*** Recorded data ***
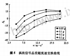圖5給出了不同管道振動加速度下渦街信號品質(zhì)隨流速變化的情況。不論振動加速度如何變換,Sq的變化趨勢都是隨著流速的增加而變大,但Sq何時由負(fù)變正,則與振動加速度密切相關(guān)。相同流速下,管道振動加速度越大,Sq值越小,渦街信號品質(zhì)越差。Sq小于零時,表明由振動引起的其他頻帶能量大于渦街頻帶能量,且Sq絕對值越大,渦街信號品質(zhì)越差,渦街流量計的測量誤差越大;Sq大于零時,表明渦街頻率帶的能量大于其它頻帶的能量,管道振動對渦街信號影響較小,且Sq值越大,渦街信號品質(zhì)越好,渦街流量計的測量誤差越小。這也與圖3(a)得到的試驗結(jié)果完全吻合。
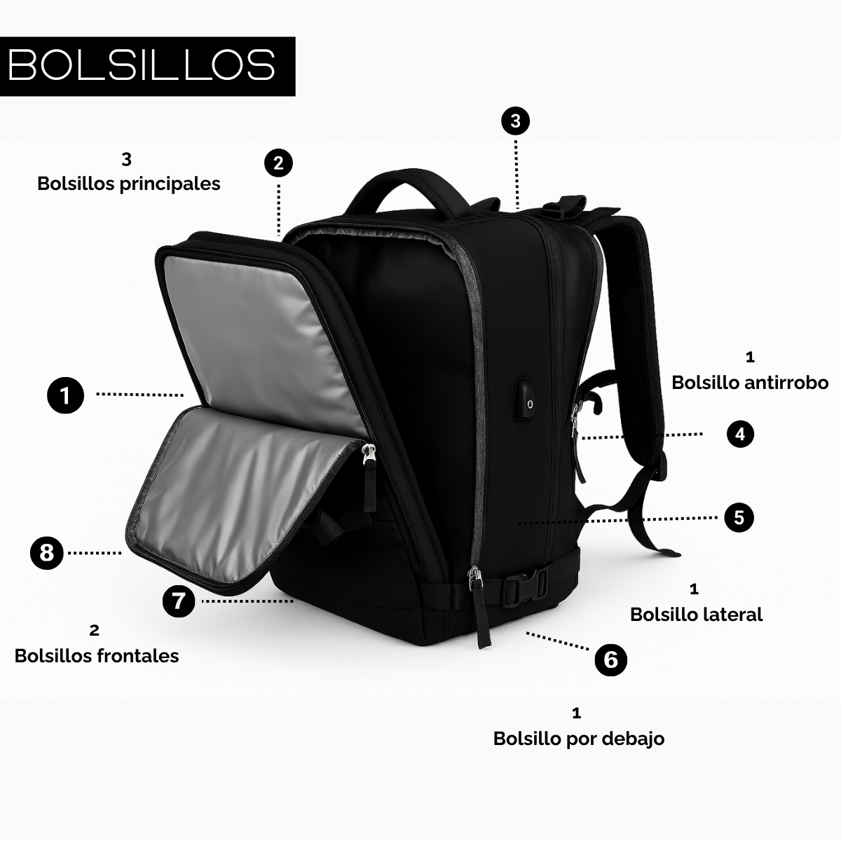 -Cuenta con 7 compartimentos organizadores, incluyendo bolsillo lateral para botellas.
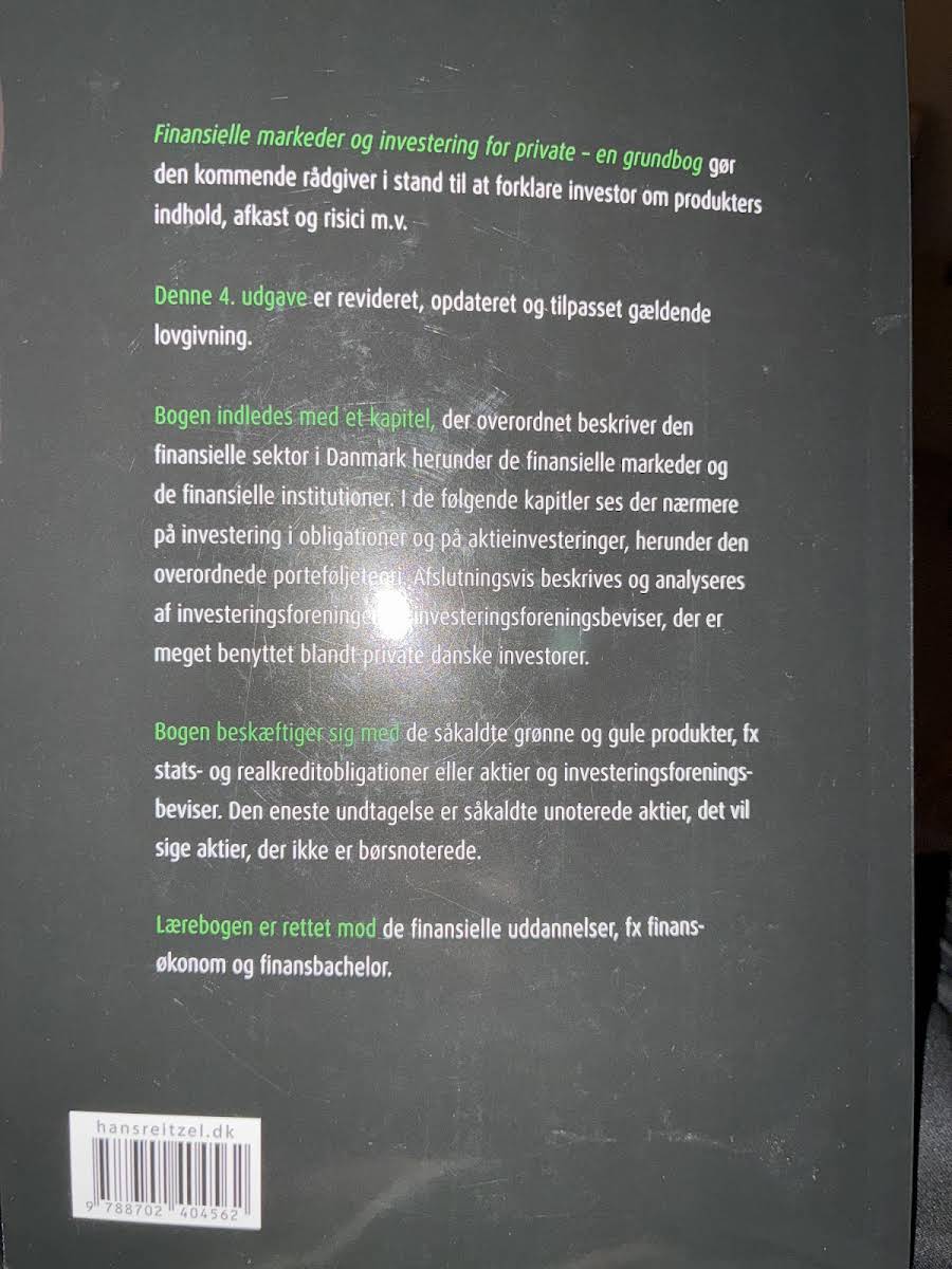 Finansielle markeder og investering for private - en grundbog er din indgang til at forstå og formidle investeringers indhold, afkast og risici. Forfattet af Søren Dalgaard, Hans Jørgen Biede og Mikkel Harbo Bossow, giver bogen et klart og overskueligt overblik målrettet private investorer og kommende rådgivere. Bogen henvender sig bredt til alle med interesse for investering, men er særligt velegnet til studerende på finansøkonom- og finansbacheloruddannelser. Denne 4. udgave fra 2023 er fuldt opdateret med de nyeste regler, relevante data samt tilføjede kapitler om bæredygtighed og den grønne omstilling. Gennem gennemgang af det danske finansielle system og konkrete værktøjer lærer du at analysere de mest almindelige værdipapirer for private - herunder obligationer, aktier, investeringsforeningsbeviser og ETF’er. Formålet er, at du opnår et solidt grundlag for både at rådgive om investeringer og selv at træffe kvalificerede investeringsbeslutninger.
***
▸ Work to complete
The answer is the lines above, word for word, from the first one through the one containing "-Cuenta con 7"; it includes no pictures.

▸ Reply
圖5給出了不同管道振動加速度下渦街信號品質(zhì)隨流速變化的情況。不論振動加速度如何變換,Sq的變化趨勢都是隨著流速的增加而變大,但Sq何時由負(fù)變正,則與振動加速度密切相關(guān)。相同流速下,管道振動加速度越大,Sq值越小,渦街信號品質(zhì)越差。Sq小于零時,表明由振動引起的其他頻帶能量大于渦街頻帶能量,且Sq絕對值越大,渦街信號品質(zhì)越差,渦街流量計的測量誤差越大;Sq大于零時,表明渦街頻率帶的能量大于其它頻帶的能量,管道振動對渦街信號影響較小,且Sq值越大,渦街信號品質(zhì)越好,渦街流量計的測量誤差越小。這也與圖3(a)得到的試驗結(jié)果完全吻合。
 -Cuenta con 7 compartimentos organizadores, incluyendo bolsillo lateral para botellas.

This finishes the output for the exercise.